Используемое нами определение мотива сформулировано в работе Хализева В.Е. «Теория литературы», где под мотивом понимается «компонент произведений, обладающий повышенной значимостью (семантической насыщенностью). Он причастен теме и концепции (идее) произведения, но им не тождественен... Мотив локализован в произведении, но присутствует в формах самых разных. Он может являть собой варьируемое слово или словосочетание, или представать как нечто обозначаемое,., или оставаться лишь угадываемым, ушедшим в подтекст... Важнейшая черта мотива - его способность оказываться полуреализованным в тексте, явленным в нем неполно. Мотивы могут выступать... как достояние... целых жанров, направлений, литературных эпох» (15). Данному определению среди прочих определений мотива (А.Н. Веселовского, Б.В. Томашевского, Б.М. Гаспарова, и др.) отдано предпочтение как наиболее отвечающему целям избранного исследования.

Сформулированная гипотеза определяет следующие цели исследования:

- дать определение «романтической пародии», раскрыть характерные черты «романтической пародии», его основные признаки.
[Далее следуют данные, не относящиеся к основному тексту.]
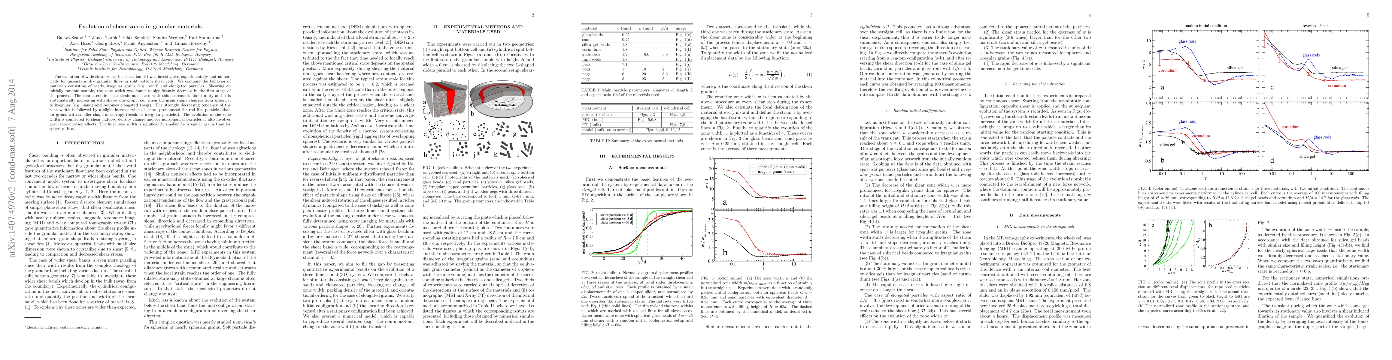 This study investigates the evolution of shear zones in granular materials through experimental and numerical analysis, finding that zone width decreases significantly initially, with the extent of this decrease linked to grain shape anisotropy. The final zone width is notably smaller for irregular grains compared to spherical beads.

Подтвердить его в ходе работы, опираясь на научную и художественную литературу. Указать отличие данной дефиниции от понятия «пародии», «романтической иронии», «иронии», «сатиры», «парадокса», «травестии»;

определить круг явлений, объединенных понятием «романтическая пародия»;

выявить трансформацию стержневых мотивов, тем и стиля писателей второго этапа по сравнению с ранними романтическими произведениями, показать эволюцию романтического мировоззрения от иенского периода к позднему и оценить характер произошедших изменений, доказав тем самым, что «романтическая ирония», являющаяся основной категорией для иенского романтизма, уступает место «романтической пародии»;

исходя из всего вышеперечисленного, доказать, что «романтическая пародия» способствовала плодотворному развитию романтического направления в Германии.

Для достижения поставленных целей необходимо решить следующие задачи:

- установить причины изменения концепции иронии на втором этапе немецкого романтизма (социальные условия, философия А. Шопенгауэра);

провести параллельный анализ мотивного комплекса позднеромантических текстов;

сопоставить данные произведения с текстами ранних романтиков;

доказать типологическое сходство художественной структуры текстов поздних романтиков;

вписать явление «романтической пародии» в литературный контекст эпохи.

Решением поставленных целей и задач диктуется выбор методологической основы исследования: использование сравнительно-сопоставительного, типологического, структурного, текстологического подходов с привлечением работ по общим и специальным вопросам теоретико-литературного характера.

Теоретическая база обусловлена целями и задачами диссертационной работы. Мы опираемся на труды НЛ. Берковского, М.И. Бента, А.С. Дмитриева, В.М. Жирмунского, А.Н. Карельского, А.В. Михайлова, СВ. Тураева, Ф.П. Фёдорова, Г.Н. Храповицкой, Д.Л. Чавчанидзе, Barnow D., Broin G., Fliegner S. При определении и анализе дефиниции «романтической пародии» мы пользовались исследованиями М.М. Бахтина, Ю.Н. Тынянова, Г.Н. Храповицкой, Allemann В., Anton В., Szondi Р., учитывались точки зрения Ю. Борева, А. А. Морозова, В Л. Проппа, О.М. Фрейденберг, Freund W., Miiller В. Также в диссертации использованы многочисленные работы, посвященные творчеству поздних романтиков, как общетеоретического и проблемного характера, так и касающиеся творчества отдельно взятого автора (например, Э.-Т.-А. Гофмана).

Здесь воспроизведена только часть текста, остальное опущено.